- ACTIVITY: For this exercise, copy exactly every line from the one holding "At Sam & Marshall" through the end of the data, both included. Omit pictures.
=== INPUT FOR THIS TASK ===
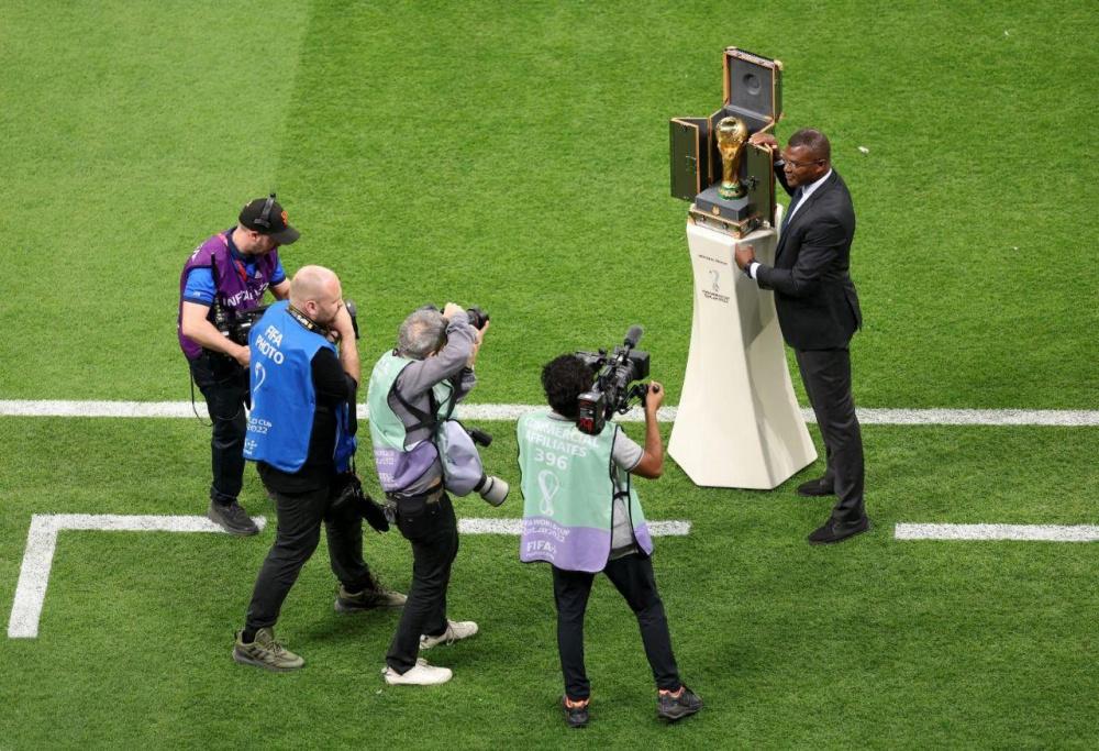 وقبل انطلاق حفل الافتتاح، رفع أسطورة منتخب فرنسا حامل لقب النسخة الماضية عام 2018، مارسيل ديساييه كأس العالم للجماهير قبل وضعه في مكانه المخصص بالملعب.
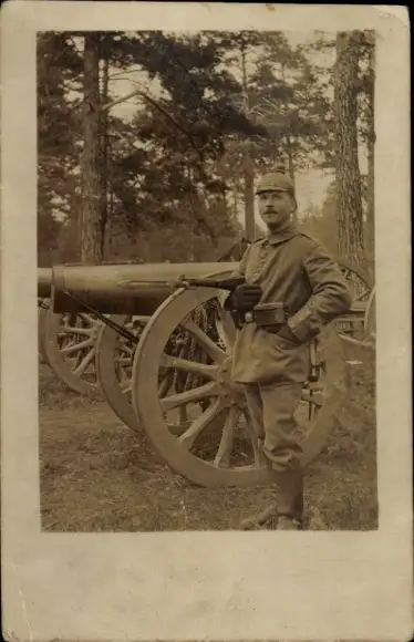 Foto Ak Deutscher Soldat in Uniform, Geschütz, Kaiserzeit
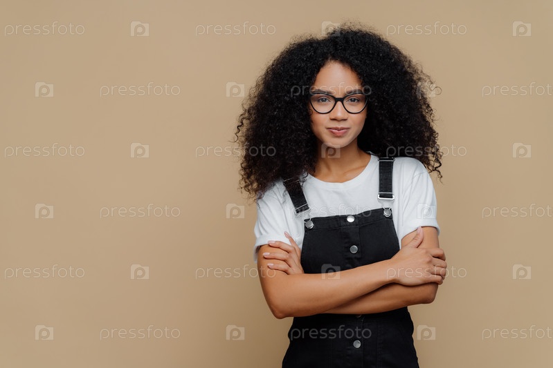 Фотография красивой темнокожей девочки-подростка, которая позирует со скрещенными руками, носит очки, белую футболку и черный сарафан, стоит на коричневом фоне, копирует место для вашего рекламного контента
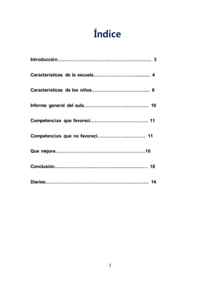Este documento presenta un informe de prácticas realizadas por un estudiante de pedagogía en la Escuela Normal Experimental de “El Fuerte” Extensión Mazatlán. Describe las características de la escuela, los estudiantes y el aula donde realizó sus observaciones. La escuela cuenta con 12 salones de clase, áreas comunes y servicios básicos. Los estudiantes son de 7-8 años, de nivel socioeconómico medio-alto y muestran buen comportamiento, aunque algunos presentan problemas de aprendizaje
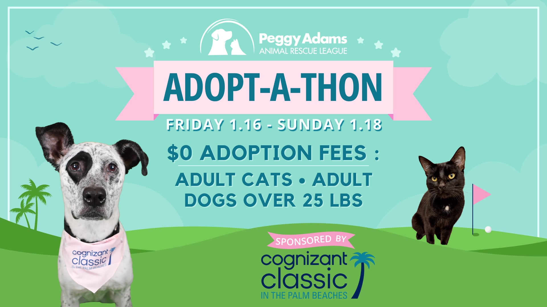 The Cognizant Classic in The Palm Beaches is teaming up again with Peggy Adams Animal Rescue League to waive all adoption fees for large adult dogs and adult cats from Friday, January 16 through Sunday, January 18. That means you can take home a new best friend for free!
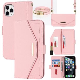 For iPhone 11 Pro Cross Texture Lanyard Leather Phone Case(Pink)
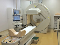 核医学検査は、放射線を放出する放射性同位元素(ラジオアイソトープ)を標識した放射性医薬品を静脈注射などによって体の中に入れ、体内に取り込まれた薬から出る放射線(ガンマ線)を体外から専用のカメラ(ガンマカメラ:右図)で撮影します。その画像によって人体臓器の機能情報や病気を調べる検査です。 ここでは核医学検査の中の単光子放出核種を用いたRI(radioisotope)検査(体外測定)について説明します。RI検査(体外測定)のことをシンチグラフィとも言います。
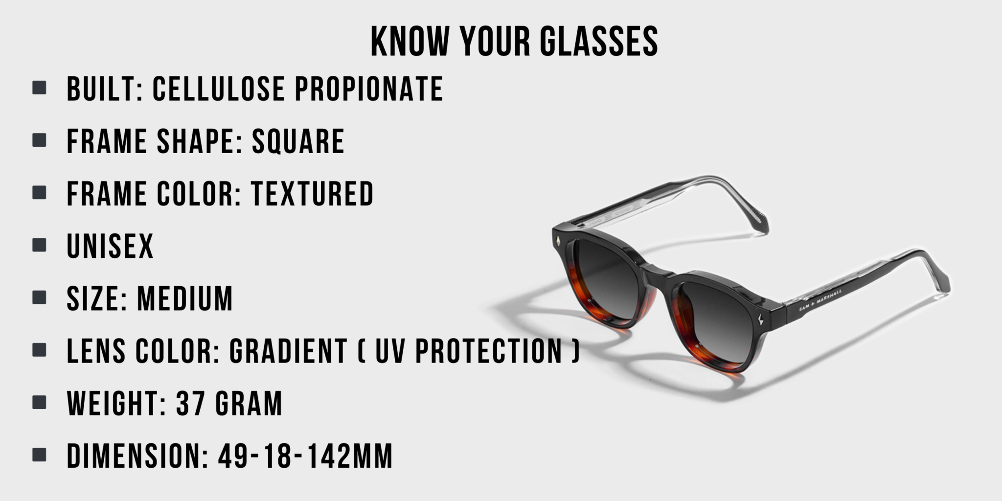 At Sam & Marshall Eyewear, we believe in adding value to your purchase. Here’s what you get based on your final order value of each product in the order:- For orders under ₹999: Enjoy the stylish Glok Case/Hard Case, complete with a selvet cloth.
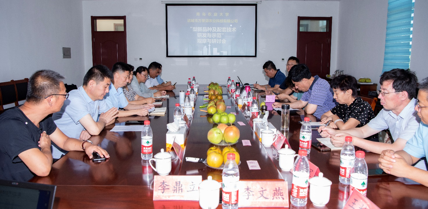 8月23日,由金年会jinnianhuicom梨遗传改良与种质创新团队承办的“梨新品种及适宜砧穗组合筛选与评价”观摩与研讨会在诸城举行。本次会议由国家现代农业梨产业技术体系和山东省农业良种工程项目支持。省农技推广中心王志刚研究员、潍坊学院曹慧教授、诸城万景源农业科技有限公司总经理侯志刚及相关地市农技专家参加,金年会jinnianhuicom隋成竹书记、王然教授、李鼎立教授出席活动。
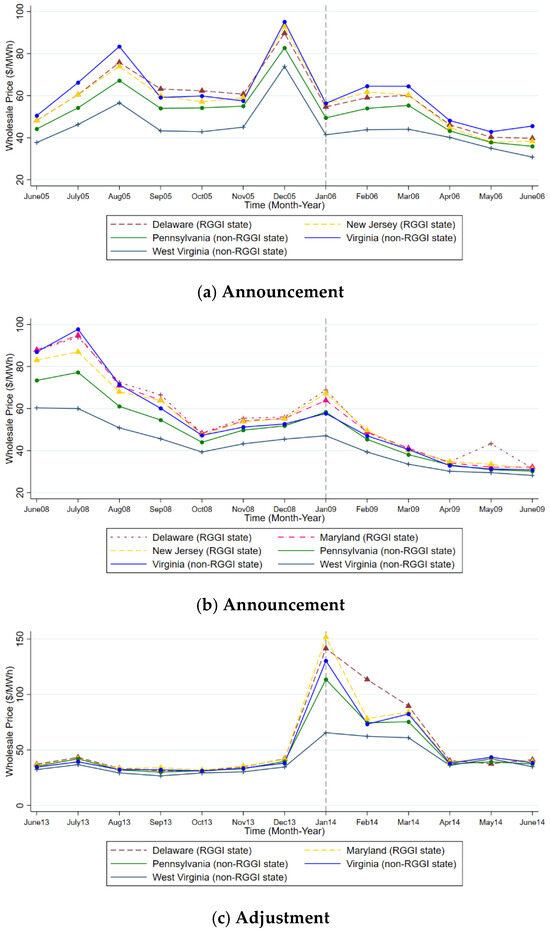 We focus on three alternative periods to model the three events studied. The first is the RGGI announcement on 20 December 2005. To isolate the impact of the announcement of RGGI on electricity prices, we focus on a single electricity wholesale market, PJM, as it allows us to construct treatment and control groups. Within the PJM, New Jersey and Delaware announced the RGGI participation in 2005, followed by Maryland in 2007. We excluded Maryland from the treatment group while studying the RGGI announcement, as Maryland announced only in 2007. Pennsylvania, Virginia, and West Virginia are chosen as controls because they are neighboring non-RGGI states, sharing similar energy market structures and demographic conditions with New Jersey and Delaware. Power plants in these five states constitute our baseline sample.
===
- YOUR RESPONSE:
 At Sam & Marshall Eyewear, we believe in adding value to your purchase. Here’s what you get based on your final order value of each product in the order:- For orders under ₹999: Enjoy the stylish Glok Case/Hard Case, complete with a selvet cloth.
 8月23日,由金年会jinnianhuicom梨遗传改良与种质创新团队承办的“梨新品种及适宜砧穗组合筛选与评价”观摩与研讨会在诸城举行。本次会议由国家现代农业梨产业技术体系和山东省农业良种工程项目支持。省农技推广中心王志刚研究员、潍坊学院曹慧教授、诸城万景源农业科技有限公司总经理侯志刚及相关地市农技专家参加,金年会jinnianhuicom隋成竹书记、王然教授、李鼎立教授出席活动。
 We focus on three alternative periods to model the three events studied. The first is the RGGI announcement on 20 December 2005. To isolate the impact of the announcement of RGGI on electricity prices, we focus on a single electricity wholesale market, PJM, as it allows us to construct treatment and control groups. Within the PJM, New Jersey and Delaware announced the RGGI participation in 2005, followed by Maryland in 2007. We excluded Maryland from the treatment group while studying the RGGI announcement, as Maryland announced only in 2007. Pennsylvania, Virginia, and West Virginia are chosen as controls because they are neighboring non-RGGI states, sharing similar energy market structures and demographic conditions with New Jersey and Delaware. Power plants in these five states constitute our baseline sample.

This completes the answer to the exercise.